而后道:“已经让人把他葬了。”
沉吟片刻,玉云萱又问:“其实你根本就知道,春芩是被冤枉的,是不是?以你的聪明,不可能看不穿孙侧妃的阴谋。”
萧云晨点头:“是,我知道放药的人,不是春芩。”
“那你为什么还要处死他?”玉云萱霍然翻身坐了起来,目光如炬地看着萧云晨,“为什么要让他当这个替罪羊?”
“因为他必须死。

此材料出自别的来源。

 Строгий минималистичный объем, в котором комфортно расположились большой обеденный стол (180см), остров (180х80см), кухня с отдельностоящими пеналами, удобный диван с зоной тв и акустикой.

”萧云晨的语气听起来颇为冷酷。
玉云萱从不知道原来他还有这么一面,不由暗自震惊。
“必须死?因何为必须?”玉云萱苦涩一笑,“因为他是我的人,所以必须死,对不对?
你心里其实时时刻刻都在防着我,你要除掉我身边的每一个人,方能安心,是不是?又或者说,你是不忍心惩罚孙侧妃,所以就拿一个低下的丫鬟来顶罪?”

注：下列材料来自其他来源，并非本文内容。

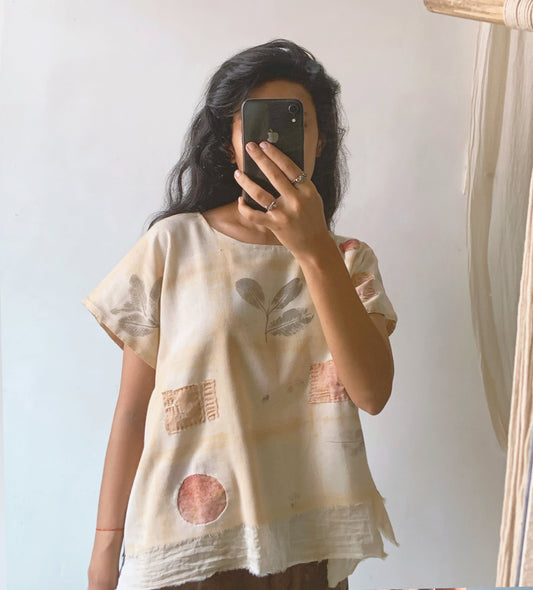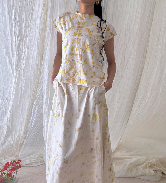 Every eco-printed piece celebrates the harmonious relationship between human creativity and the environment and serves as a reminder of our communication and collaboration with nature. This elaborate process can take up to 2-3 days to dye one garment, and always results in unique, one-of-kind results, where no two pieces are alike, yet all beautiful in their own right.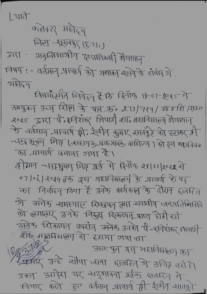 सूरजपूर– सूरजपूर जिले के भैयाथान स्थित पंडित रविशंकर त्रिपाठी शासकीय महाविद्यालय के छात्रों ने कलेक्टर सूरजपुर के नाम एसडीएम को ज्ञापन सौंपा है,,जहां महाविद्यालय के समस्त छात्रों ने मांग की है कि वर्तमान में जो महाविद्यालय के प्राचार्य रंजीत सातपुते है उन्हें हटाने उच्च शिक्षा आयुक्त ने आदेश जारी किया है वही उनके जगह पर महाविद्यालय के सहायक अध्यापक चन्द्रभुषण मिश्र जों पूर्व में इस महाविद्यालय के प्रभारी प्राचार्य रहे हैं उन्हें पुनः नियुक्त किए जाने आदेश जारी किया गया है,,जिसका छात्रों ने विरोध किया है और वर्तमान प्राचार्य रंजीत सातपुते को ही प्राचार्य के बनाए रखने ज्ञापन सौंपा है,,जहां छात्रों ने बताया कि दिनांक 18/07/2025 को आयुक्त उच्च शिक्षा के द्वारा पत्र क्रमांक 279/724 जारी किया गया है जिसमें वर्तमान प्राचार्य रंजीत सातपुते को हटाकर उनके जगह सहायक प्राध्यापक चन्द्रभुषण मिश्र को प्राचार्य बनाए जाने आदेश जारी किया है,,जबकि चन्द्रभुषण मिश्र पूर्व में इस महाविद्यालय (कालेज) के प्राचार्य पद पर लगभग एक से डेढ़ वर्ष तक रहें इस दौरान छात्रहित की अनेक समस्या और शिकायत आई जिसका न तो निराकरण किया गया और नहीं कोई उचित व्यवस्था की गई वही इनके विरुद्ध जनप्रतिनिधियों को भी शिकायत प्राप्त होती रही और जनप्रतिनिधियों ने इनकी कार्यशैली की शिकायत की,,जहां अनेक शिकायतों के बाद इन्हें हटाया गया था और रंजीत सातपुते जी को प्राचार्य बनाया गया था वही रंजीत सातपुते जी के प्राचार्य पद पर रहते हुए अनेक कार्य छात्रहित में हुए और महाविद्यालय को एक नई दिशा मिली तो वहीं जनप्रतिनिधियों ने भी रंजीत सातपुते जी की कार्यशैली की सराहना की,,वही अब उच्च शिक्षा आयुक्त ने अकारण ही आदेश जारी कर रंजीत सातपुते को हटाकर चन्द्रभुषण मिश्र को प्राचार्य बनाए जाने आदेश जारी कर दिया जों सरासर अनैतिक है और छात्रों के भविष्य से खिलवाड़ है,,जबकि चन्द्रभुषण मिश्र के रहते छात्र बहुत ज्यादा परेशान हुए थे और सातपुते जी के प्राचार्य रहने से छात्रों की काफी परेशानियां दूर हुई थी,, अतःछात्रों ने मांग की है कि रंजीत सातपुते को ही महाविद्यालय और छात्र हित व भविष्य को देखते हुए प्राचार्य रहने दिया जाए,,और जारी आदेश को निरस्त किया जाए,, पांच दिवस में इस मांग पर कार्यवाही की जाए,,अन्यथा की स्थिति में समस्त छात्र चरणबद्ध आंदोलन के लिए बाध्य होंगे,, गौरतलब है कि आखिरकार जब छात्र पूर्व प्रभारी प्राचार्य पर आरोप लगा रहे हैं और वर्तमान प्राचार्य को स्थाई रूप से रखने मांग कर रहे हैं तो छात्रों के भविष्य से खिलवाड़ क्यों क्या शिक्षा जैसी चीजों में राजनीति करना उचित है,, आखिर जिसके ऊपर आरोप लगे और उसे हटाया गया उसे फिर प्राचार्य ब

萧云晨没想到他是这么想的,惊讶的同时也有些委屈。“在你眼里,本王就是这么个视人命如草芥的冷血无情的人?”
玉云萱摇摇头,一脸悲伤地道:“原本我不这么以为,可是今天,在你眼皮都不眨一下便处死春芩后,我却不知道了。”
昨天收到萧紫宸从西漠国寄回来的信,得知春芩和秋雪两个人是西漠皇后安插在你身边的人。
信中说云贵妃已经跟他们合作,但是有一个要求,那就是必须保玉云萱周全,并且除掉春芩和秋雪。
今日事发突然,刚好春芩被牵扯进来,又是头号嫌疑人,他便当机立断,趁机将春芩先除掉。
只不过,萧紫宸信中又叮嘱,云贵妃落难的事情暂时不能告诉玉云萱,以免他又生出其他的心思来。
“那么,公主就当我是冷血无情吧,人死不能复生,你节哀顺变,本王先走了。”
这件事,以春芩的死画上了句号,几天之后就再没人提及了。
玉云萱小病了一场,躺了数日才渐渐转好,而容侧妃受了太大的打击,一直都沉浸在伤痛之中,一直久卧病榻。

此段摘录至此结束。